Why Should We Care - Making Your Story Universal - (Part Two)

Why Should We Care - Pitching Yourself Part Two
By Brandon Combs

So we've learned how to care about your story, but how do you get people to care about you as the writer? 

As an ice breaker— who here's been on a Blind Date? If you have, I'm so, so sorry. If you haven't, let me sum it up. It's a confusing and scary process where two people awkwardly force communication while harshly judging each other. Long story short, it's exactly like pitching and the same basic rules apply!

Whether you're pitching verbally or in writing, there are certain guidelines to remember: 

Everyone is different: Just like in the dating world, where there's a million fish in the sea, the same goes for executives who hear pitches. Not everyone is going to like every one of your projects or the way you pitch said project. Pitching is a numbers game. The more practice you can get pitching and the more people you can share your ideas with, the more likely you will find someone that's interested. 

There's no right or wrong way: There's a billion different dating sites and handbooks, and there are a billion different ways to pitch. It's up to you to figure out what’s the best way to tell your story. Every story is different, and they therefore need to be presented in different ways to hook a listener. Even the tips I give here—if something doesn't fit because of the structure of your particular story, don't try to force it. 

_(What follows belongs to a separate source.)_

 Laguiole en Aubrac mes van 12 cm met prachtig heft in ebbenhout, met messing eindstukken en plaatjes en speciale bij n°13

There's also certain pieces of information that every pitch should include: 

Make it love at first sight: Hook your listener early! First impressions are everything, so really put your projects’ best foot forward by talking about what’s exciting about your project. The earlier you can intrigue a listener/reader with any aspect of your idea the closer they will listen and the more engaged they will be. Get to the hook and relatable themes of your story/character quickly so we want to go on the journey with you. 

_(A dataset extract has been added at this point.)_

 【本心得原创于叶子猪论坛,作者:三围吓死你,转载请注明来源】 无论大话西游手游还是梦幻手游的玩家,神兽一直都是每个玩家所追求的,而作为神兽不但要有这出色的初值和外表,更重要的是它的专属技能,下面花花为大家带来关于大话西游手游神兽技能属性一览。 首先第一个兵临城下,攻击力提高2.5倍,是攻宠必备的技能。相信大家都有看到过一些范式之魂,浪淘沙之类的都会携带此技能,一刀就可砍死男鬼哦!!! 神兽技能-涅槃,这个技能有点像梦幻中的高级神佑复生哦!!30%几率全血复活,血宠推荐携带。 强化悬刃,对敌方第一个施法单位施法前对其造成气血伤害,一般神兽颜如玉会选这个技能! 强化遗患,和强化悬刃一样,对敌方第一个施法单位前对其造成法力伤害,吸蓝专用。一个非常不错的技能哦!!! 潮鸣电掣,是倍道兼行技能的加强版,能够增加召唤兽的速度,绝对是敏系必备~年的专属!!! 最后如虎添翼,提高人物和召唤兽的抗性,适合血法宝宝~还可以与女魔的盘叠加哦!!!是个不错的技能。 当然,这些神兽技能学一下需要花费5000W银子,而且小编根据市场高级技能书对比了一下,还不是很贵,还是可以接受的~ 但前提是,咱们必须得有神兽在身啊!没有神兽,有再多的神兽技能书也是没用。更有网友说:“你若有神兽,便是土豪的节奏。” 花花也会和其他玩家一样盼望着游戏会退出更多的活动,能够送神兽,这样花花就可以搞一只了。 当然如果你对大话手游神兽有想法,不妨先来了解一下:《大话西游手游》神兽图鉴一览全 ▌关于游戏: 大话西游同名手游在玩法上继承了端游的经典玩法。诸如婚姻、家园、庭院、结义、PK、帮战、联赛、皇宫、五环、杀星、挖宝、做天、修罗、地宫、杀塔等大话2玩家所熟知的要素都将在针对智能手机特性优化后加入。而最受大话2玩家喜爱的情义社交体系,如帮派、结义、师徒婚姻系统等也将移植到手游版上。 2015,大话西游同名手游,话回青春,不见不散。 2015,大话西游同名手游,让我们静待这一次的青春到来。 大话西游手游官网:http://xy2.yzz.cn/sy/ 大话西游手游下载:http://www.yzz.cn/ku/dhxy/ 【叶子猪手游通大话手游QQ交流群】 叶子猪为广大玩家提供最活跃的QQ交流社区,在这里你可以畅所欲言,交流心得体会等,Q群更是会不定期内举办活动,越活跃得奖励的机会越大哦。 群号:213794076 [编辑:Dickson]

Don't tell your whole life story: Just like how on a date you don't  want bring up that time in junior high you puked in gym class, you don't want to bog down your pitch with extraneous details. Don't "And then, and then, and then..." your listener to death with every single detail of your plot. Just hit the broad strokes. Tell the most horrific, comedic, tragic, thrilling and/or romantic parts of your story. Detail the trailer moments of your film by making them the connections between the beginning, middle and end. 

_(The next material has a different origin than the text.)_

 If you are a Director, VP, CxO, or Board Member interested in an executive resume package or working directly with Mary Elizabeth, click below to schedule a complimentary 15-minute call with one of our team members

Have a solid style: If you're going on a date at The Ritz you wouldn't dress like you're going to McDonald's. Your style would match the situation. So, if you're pitching a horror script you wouldn't tell it like a comedy or a romcom. Make sure you begin by being very clear about the style and tone of your story. The better you setup your world and how it works, the better readers/listeners will understand what you're going for overall.

Bring out your character: Just like on a first date, you want to share glimmers of yourself, but not the whole shebang, you want to do the same with your characters in your pitch. We don't need to know EVERY single person in your script. Just the most important ones, the main protagonists and antagonists. The more people you mention the more confusing things become, so really try to hone in on the arcs and motivations of just your main players. 

If this sounds scary, don’t worry! Practice makes perfect and unlike a blind date you're in control!